* **GOAL OF THE EXERCISE**
Reproduce the records word for word, apart from the images they contain.

(Excerpts from a dataset)

- Opening Delimiter -

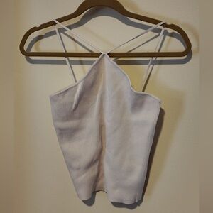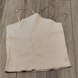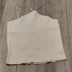 Zara Ivory Ribbed Cropped Halter Top - Spaghetti Strap - Size L - Summer Chic
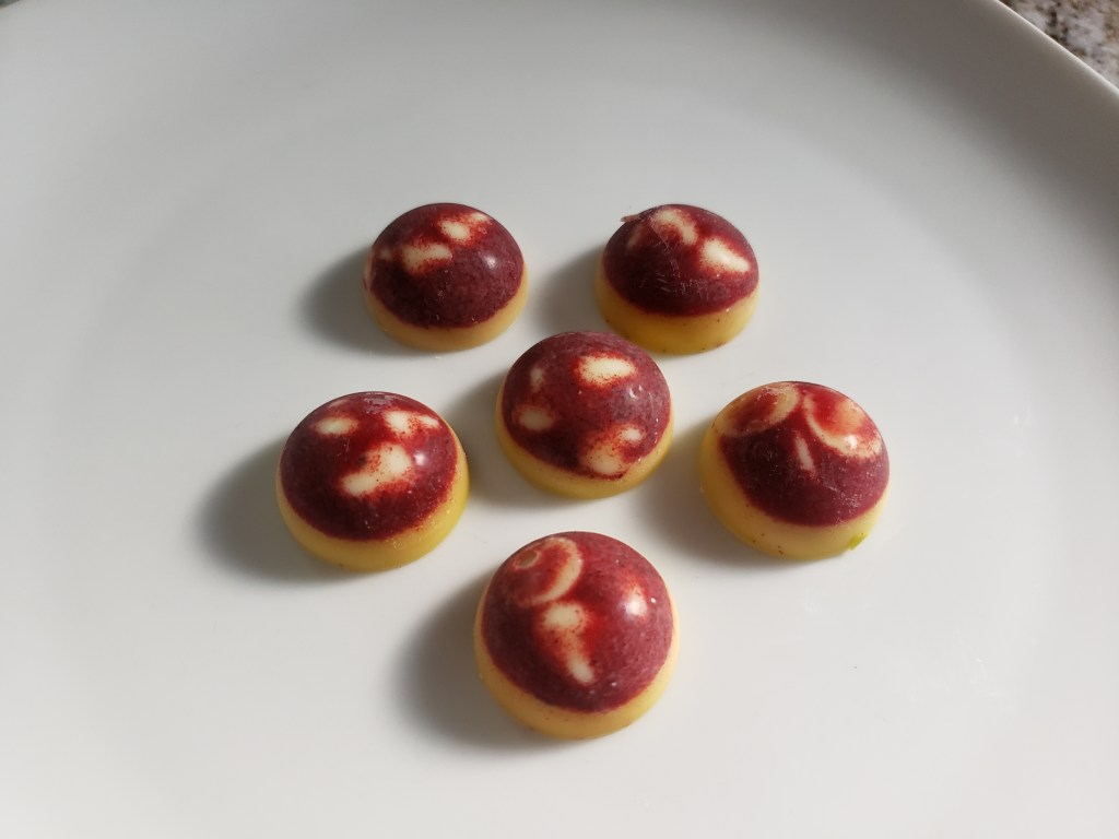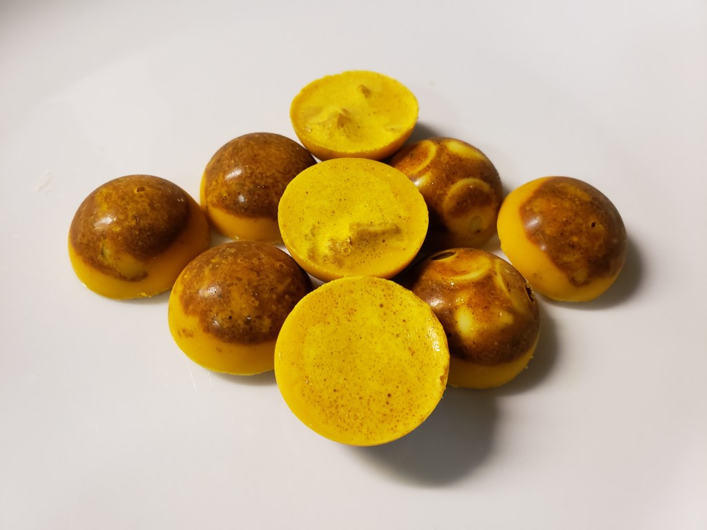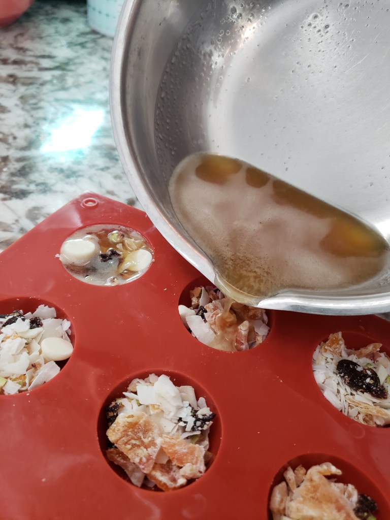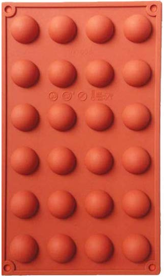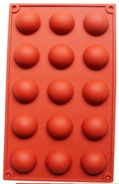 I purchased a three-mold set on Amazon. Using a 15-hole silicone mold, you can get 1-1/2″ domes that hold a tablespoon of yummy goodness. With the 24-hold mold, you get one-inch domes that hold a teaspoon of sweetness. Since cacao butter is not sweet, you add the desired level of sweetness, but be careful that you consider the natural sugars in things you add.
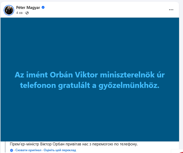 За словами Мадяра, Орбан зателефонував йому особисто та висловив вітання.
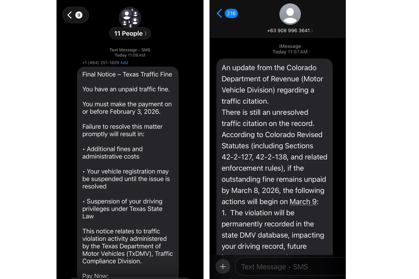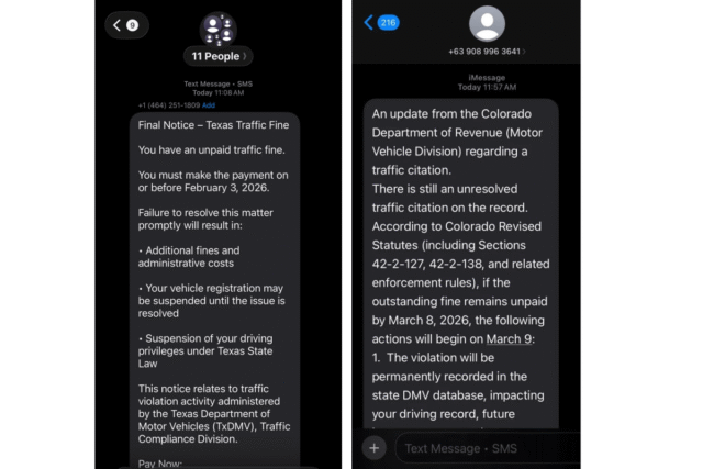 La Divisione dei veicoli a motore del Colorado ha avvertito che i truffatori si stanno spacciando per l’agenzia e affermano falsamente che i destinatari hanno biglietti non pagati. I testi fraudolenti minacciano procedimenti giudiziari, la sospensione dell’immatricolazione del veicolo o la revoca dei privilegi di guida e includono collegamenti a siti Web che imitano i portali ufficiali dello stato.
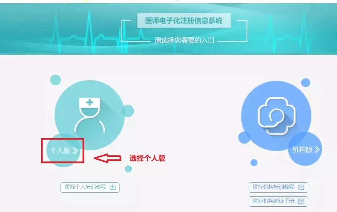 第一步:登陆医师电子化注册信息系统,选择个人版登录。
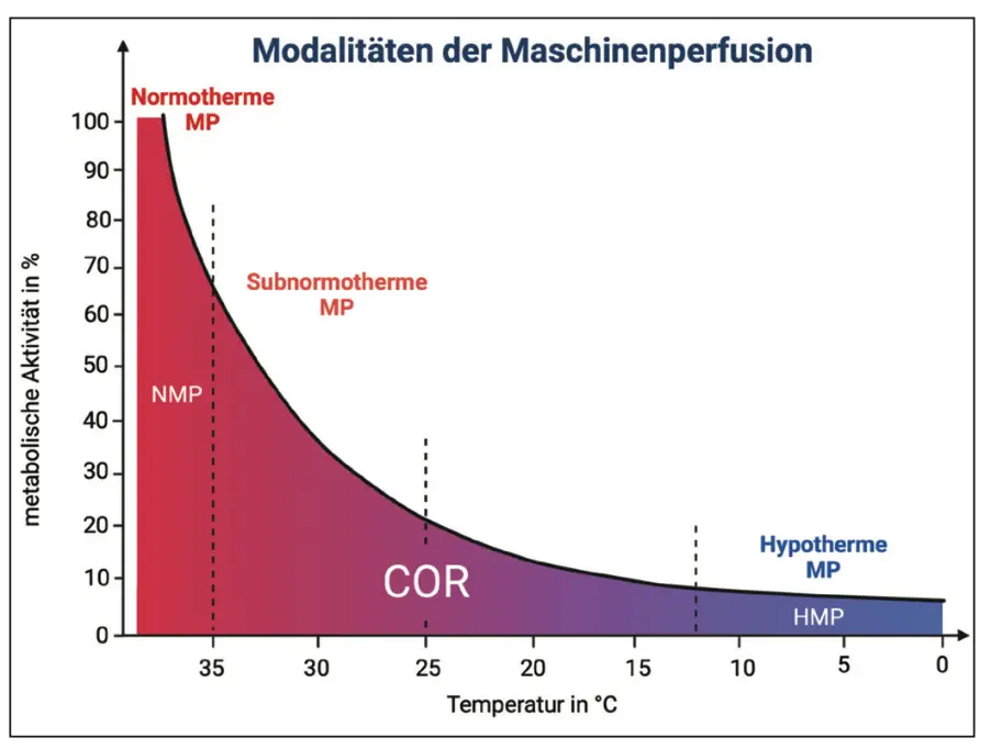 Die maschinelle Perfusion von Spenderorganen außerhalb des Körpers (Ex-vivo-Organperfusion) kann entweder kontinuierlich (upfront), von der Entnahme des Organs bis zu seiner Implantation, oder endischäm, ab Ankunft des Spenderorgans im Transplantationszentrum, durchgeführt werden. Zwei am häufigsten eingesetzten Perfusionstechniken sind hierbei die normotherme (NMP) und die hypotherme Maschinenperfusi- on (HMP) – siehe Abbildung 1 und 2.
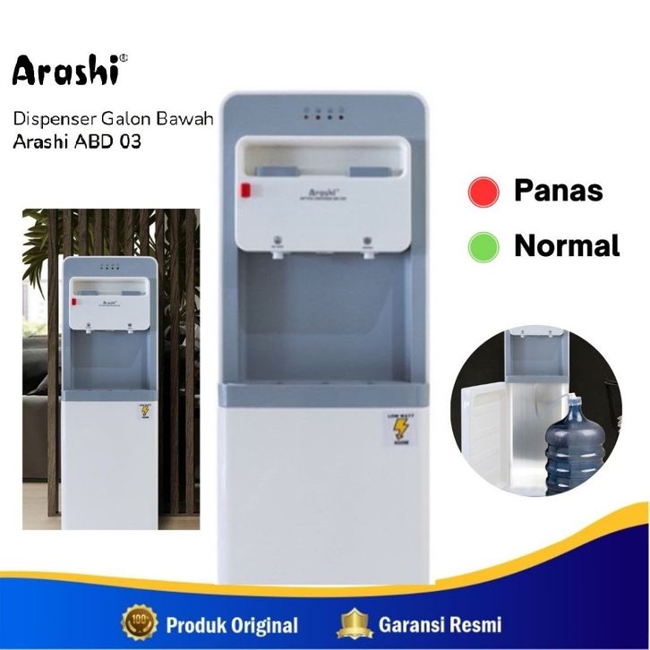 Dispenser Arashi ABD 03C GALON BAWAH fungsi Panas Normal Dispenser Galon Bawah Arashi Dispenser
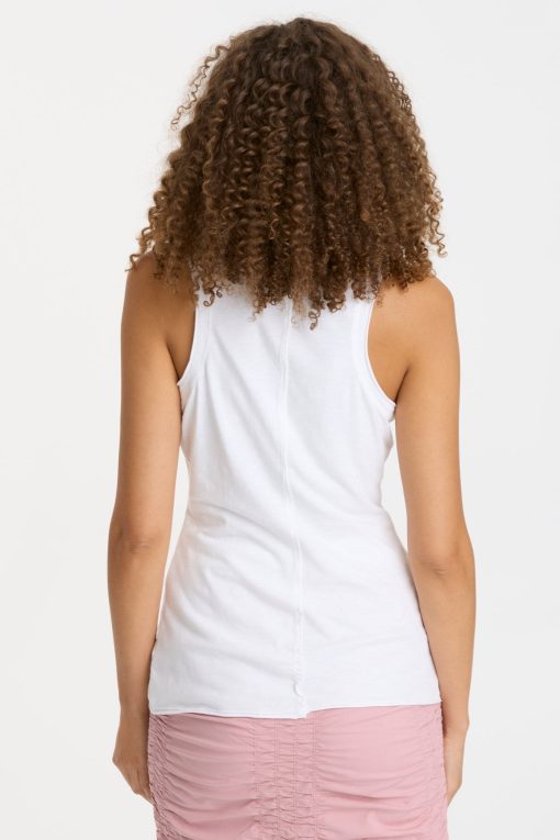 An athletic-inspired v-neck racer-back tank, Bash features raw-edge detailing on the neck, armhole, hem, and center back seams, all in plush Lucille Slub Jersey for plenty of stretch and movement-friendly comfort.

- Closing Delimiter -

* **EXERCISE ANSWER**
 Zara Ivory Ribbed Cropped Halter Top - Spaghetti Strap - Size L - Summer Chic
 I purchased a three-mold set on Amazon. Using a 15-hole silicone mold, you can get 1-1/2″ domes that hold a tablespoon of yummy goodness. With the 24-hold mold, you get one-inch domes that hold a teaspoon of sweetness. Since cacao butter is not sweet, you add the desired level of sweetness, but be careful that you consider the natural sugars in things you add.
 За словами Мадяра, Орбан зателефонував йому особисто та висловив вітання.
 La Divisione dei veicoli a motore del Colorado ha avvertito che i truffatori si stanno spacciando per l’agenzia e affermano falsamente che i destinatari hanno biglietti non pagati. I testi fraudolenti minacciano procedimenti giudiziari, la sospensione dell’immatricolazione del veicolo o la revoca dei privilegi di guida e includono collegamenti a siti Web che imitano i portali ufficiali dello stato.
 第一步:登陆医师电子化注册信息系统,选择个人版登录。
 Die maschinelle Perfusion von Spenderorganen außerhalb des Körpers (Ex-vivo-Organperfusion) kann entweder kontinuierlich (upfront), von der Entnahme des Organs bis zu seiner Implantation, oder endischäm, ab Ankunft des Spenderorgans im Transplantationszentrum, durchgeführt werden. Zwei am häufigsten eingesetzten Perfusionstechniken sind hierbei die normotherme (NMP) und die hypotherme Maschinenperfusi- on (HMP) – siehe Abbildung 1 und 2.
 Dispenser Arashi ABD 03C GALON BAWAH fungsi Panas Normal Dispenser Galon Bawah Arashi Dispenser
 An athletic-inspired v-neck racer-back tank, Bash features raw-edge detailing on the neck, armhole, hem, and center back seams, all in plush Lucille Slub Jersey for plenty of stretch and movement-friendly comfort.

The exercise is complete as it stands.